Activity – Give back the exact lines of the material below from the one containing "La organización de" through the one containing "open the application.", and no pictures.

Records –
--------------------------------------------------

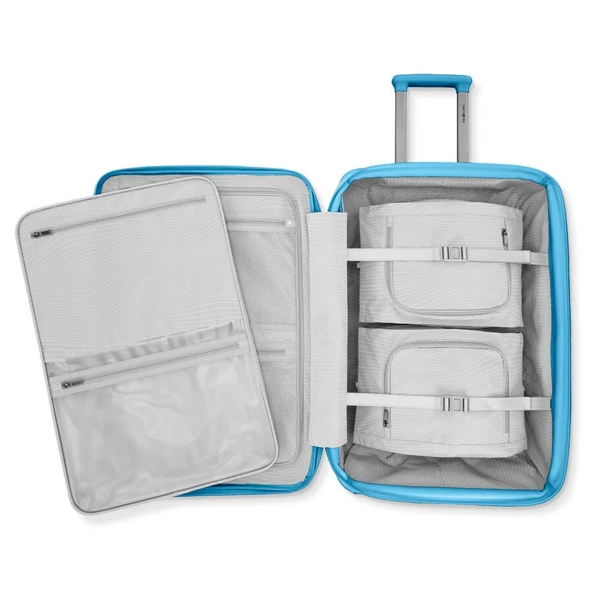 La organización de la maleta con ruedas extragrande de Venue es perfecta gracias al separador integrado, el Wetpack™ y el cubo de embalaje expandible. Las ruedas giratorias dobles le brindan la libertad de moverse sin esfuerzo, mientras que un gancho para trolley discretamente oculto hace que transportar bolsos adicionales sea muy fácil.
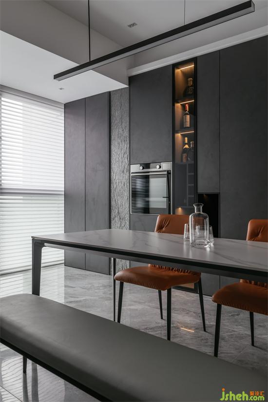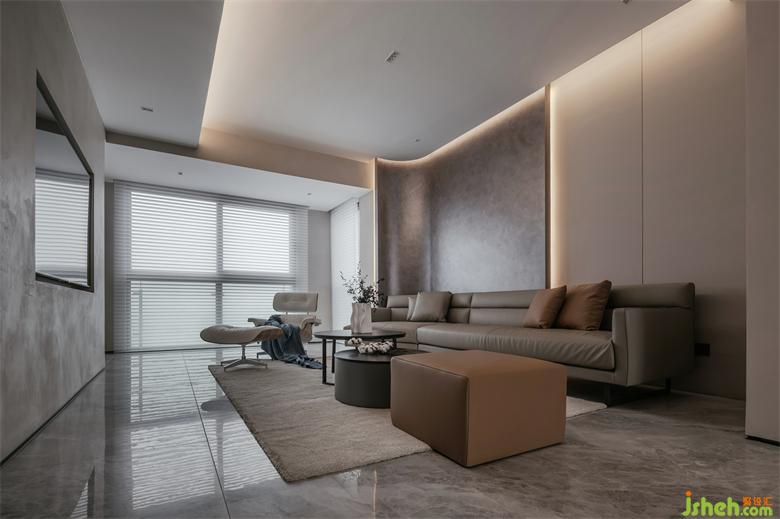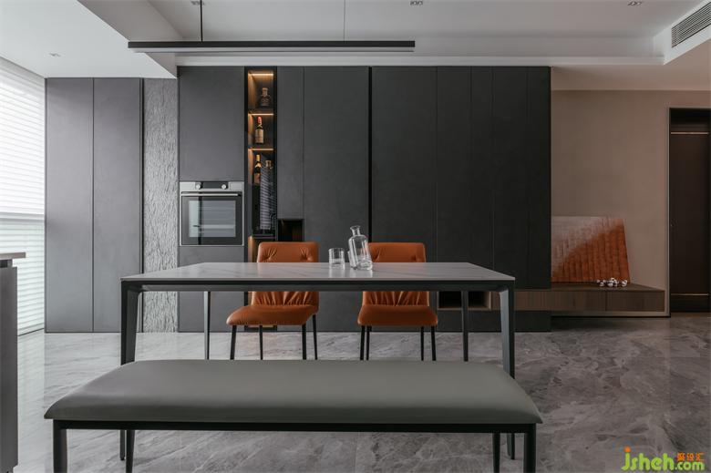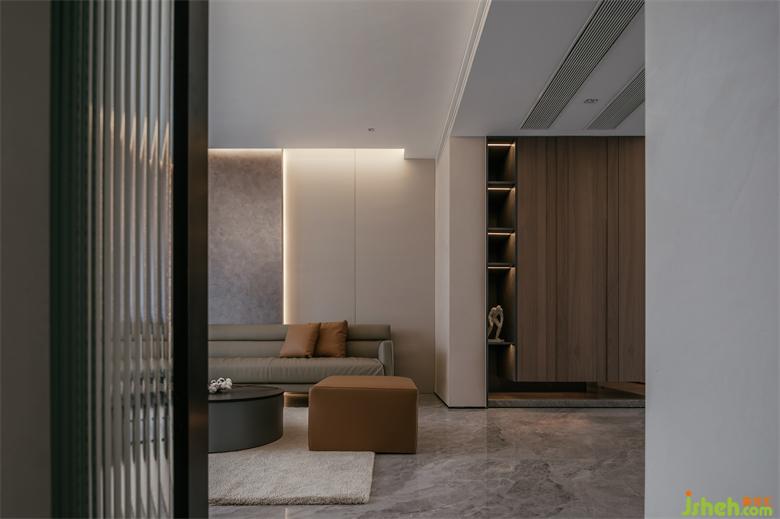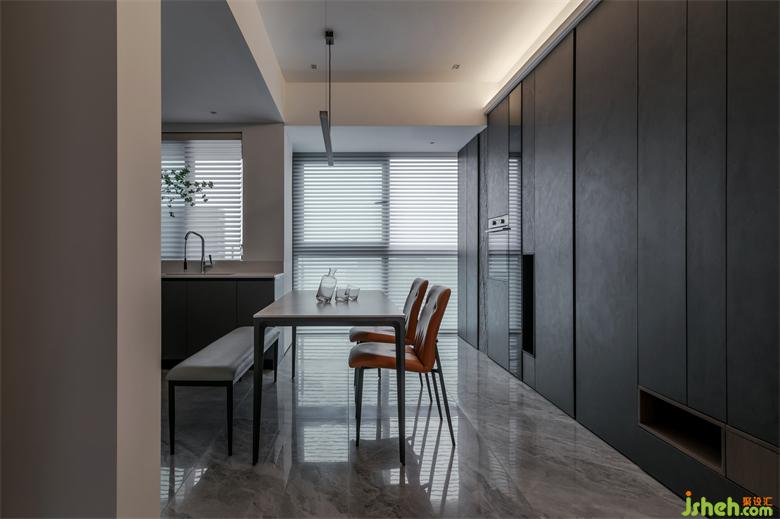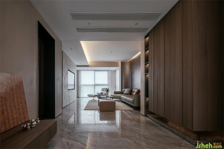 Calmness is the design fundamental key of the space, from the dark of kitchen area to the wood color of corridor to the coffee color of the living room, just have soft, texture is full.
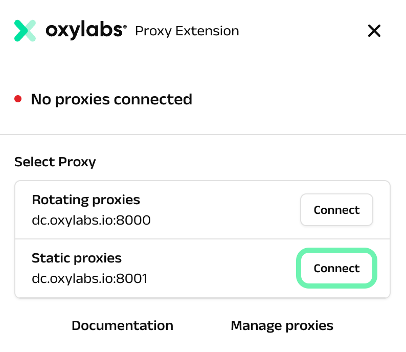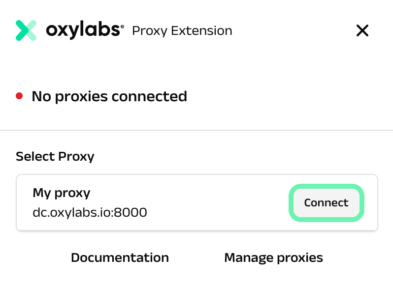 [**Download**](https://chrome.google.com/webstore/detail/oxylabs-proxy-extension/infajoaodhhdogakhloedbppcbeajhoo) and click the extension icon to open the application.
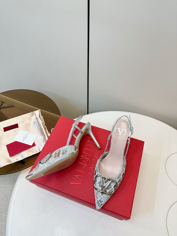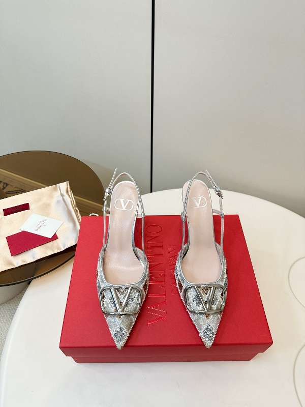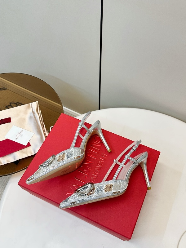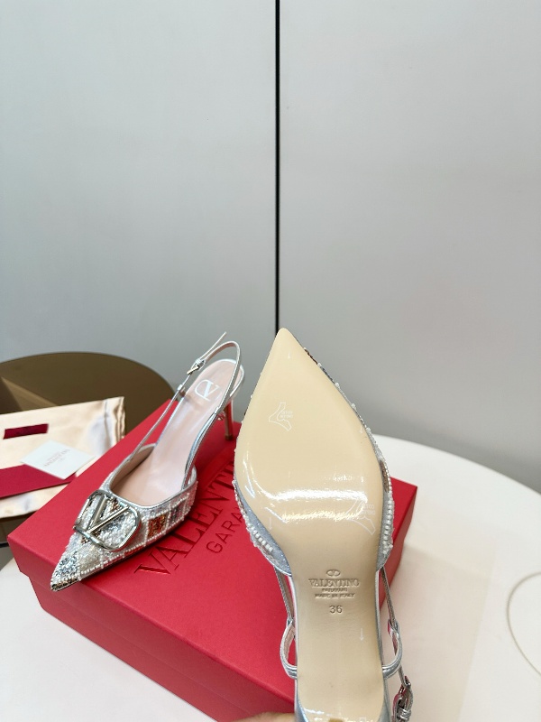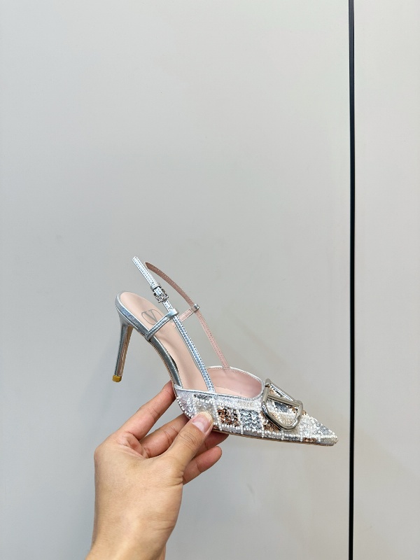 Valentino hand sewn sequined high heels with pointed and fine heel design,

--------------------------------------------------

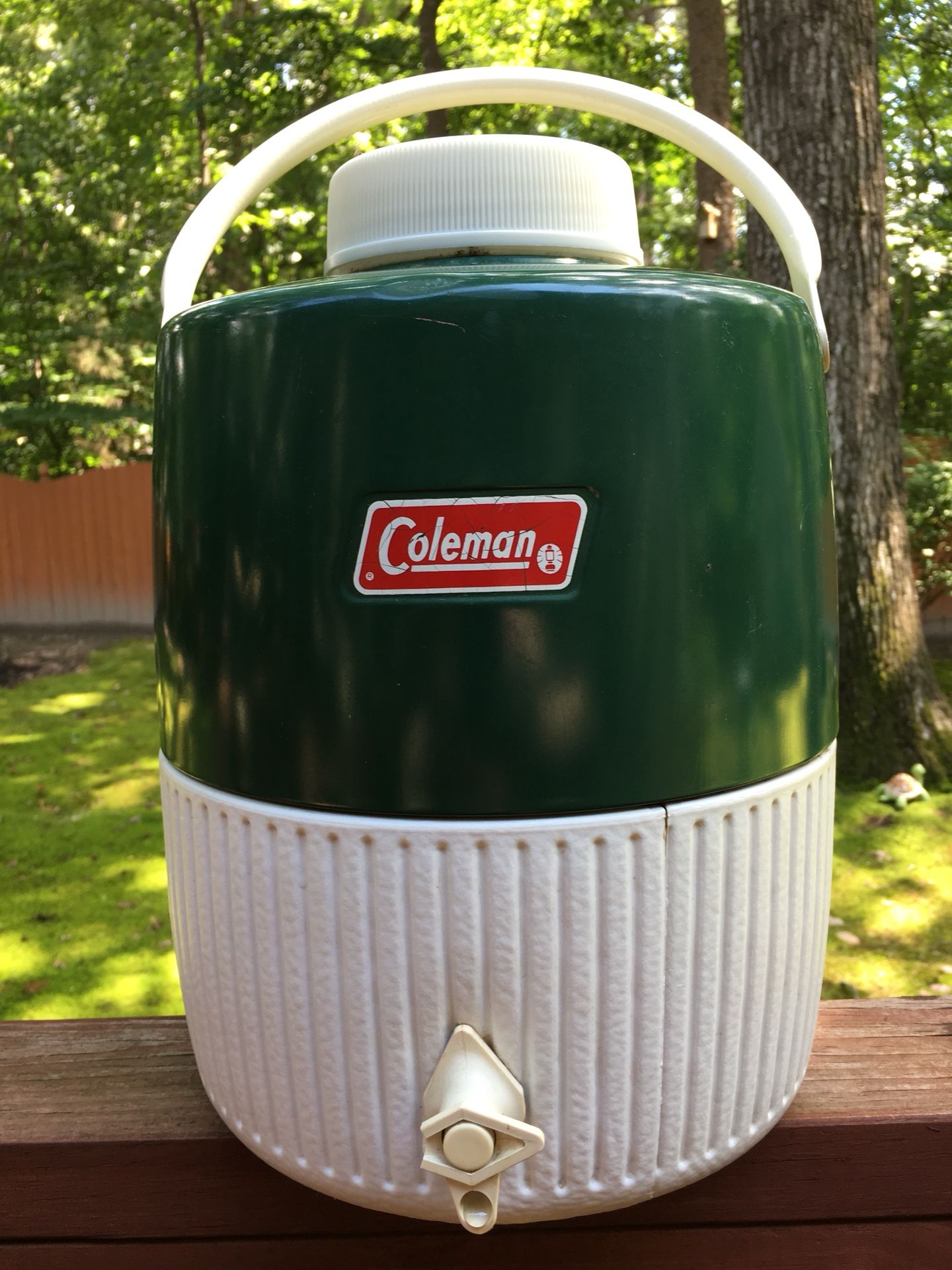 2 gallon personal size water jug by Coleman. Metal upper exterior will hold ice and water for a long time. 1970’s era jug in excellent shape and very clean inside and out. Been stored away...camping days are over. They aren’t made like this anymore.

--------------------------------------------------

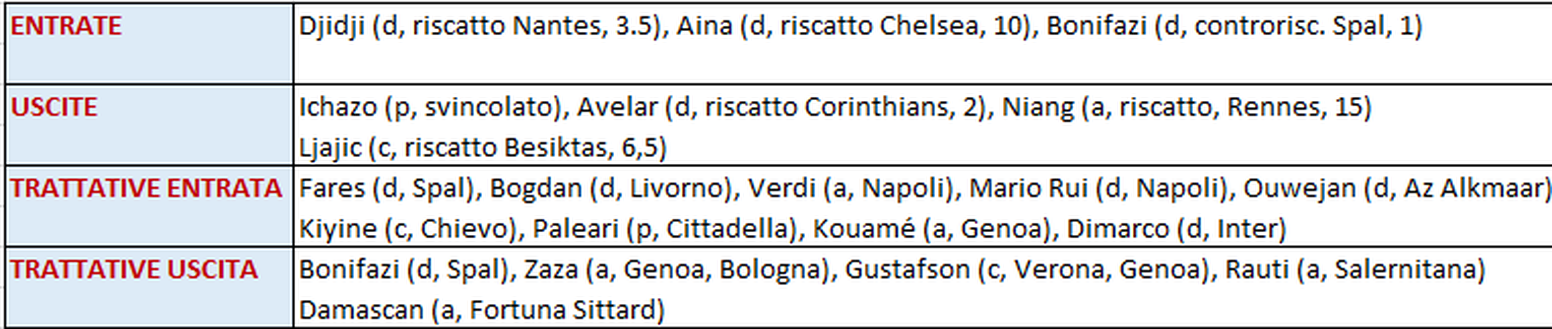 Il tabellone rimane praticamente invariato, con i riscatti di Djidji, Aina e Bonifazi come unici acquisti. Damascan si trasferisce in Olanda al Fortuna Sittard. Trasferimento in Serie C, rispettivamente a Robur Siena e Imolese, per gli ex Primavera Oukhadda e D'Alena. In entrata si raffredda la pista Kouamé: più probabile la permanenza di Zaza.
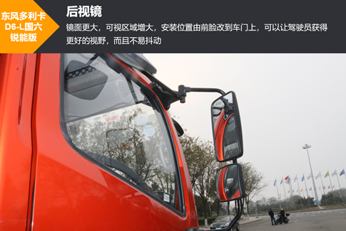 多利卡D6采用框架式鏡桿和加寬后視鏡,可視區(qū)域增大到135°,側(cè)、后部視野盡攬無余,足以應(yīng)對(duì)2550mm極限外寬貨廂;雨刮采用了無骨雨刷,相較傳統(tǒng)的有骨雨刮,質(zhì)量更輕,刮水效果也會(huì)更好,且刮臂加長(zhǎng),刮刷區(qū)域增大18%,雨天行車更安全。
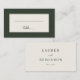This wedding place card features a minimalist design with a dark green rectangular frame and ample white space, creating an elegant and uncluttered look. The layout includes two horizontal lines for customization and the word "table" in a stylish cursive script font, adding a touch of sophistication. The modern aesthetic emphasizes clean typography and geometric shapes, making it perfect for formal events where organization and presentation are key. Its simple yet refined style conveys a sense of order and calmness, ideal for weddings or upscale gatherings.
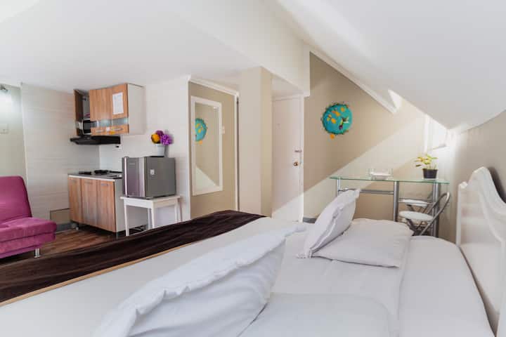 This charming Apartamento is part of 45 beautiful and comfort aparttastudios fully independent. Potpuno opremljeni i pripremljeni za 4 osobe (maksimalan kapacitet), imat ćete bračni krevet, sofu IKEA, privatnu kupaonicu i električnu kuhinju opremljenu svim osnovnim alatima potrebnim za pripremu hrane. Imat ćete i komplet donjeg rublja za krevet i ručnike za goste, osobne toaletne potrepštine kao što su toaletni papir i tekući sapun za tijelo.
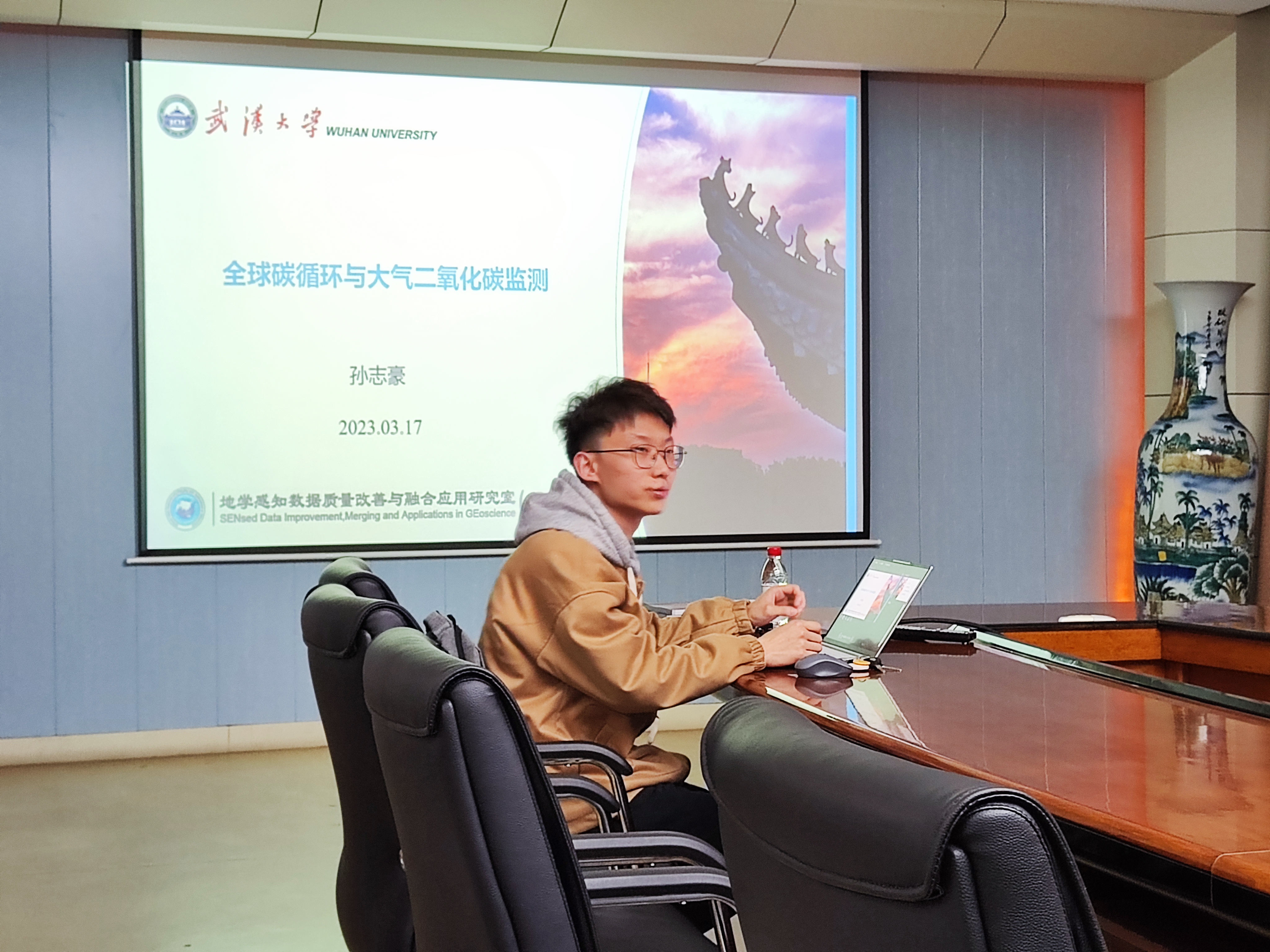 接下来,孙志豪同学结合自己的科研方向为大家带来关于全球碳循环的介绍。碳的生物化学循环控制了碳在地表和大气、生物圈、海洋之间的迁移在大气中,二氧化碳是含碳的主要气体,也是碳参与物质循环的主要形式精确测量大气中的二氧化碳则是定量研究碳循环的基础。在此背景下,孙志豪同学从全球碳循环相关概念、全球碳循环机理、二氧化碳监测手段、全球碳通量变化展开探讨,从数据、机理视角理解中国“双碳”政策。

--------------------------------------------------

Final answer –
 La organización de la maleta con ruedas extragrande de Venue es perfecta gracias al separador integrado, el Wetpack™ y el cubo de embalaje expandible. Las ruedas giratorias dobles le brindan la libertad de moverse sin esfuerzo, mientras que un gancho para trolley discretamente oculto hace que transportar bolsos adicionales sea muy fácil.
 Calmness is the design fundamental key of the space, from the dark of kitchen area to the wood color of corridor to the coffee color of the living room, just have soft, texture is full.
 [**Download**](https://chrome.google.com/webstore/detail/oxylabs-proxy-extension/infajoaodhhdogakhloedbppcbeajhoo) and click the extension icon to open the application.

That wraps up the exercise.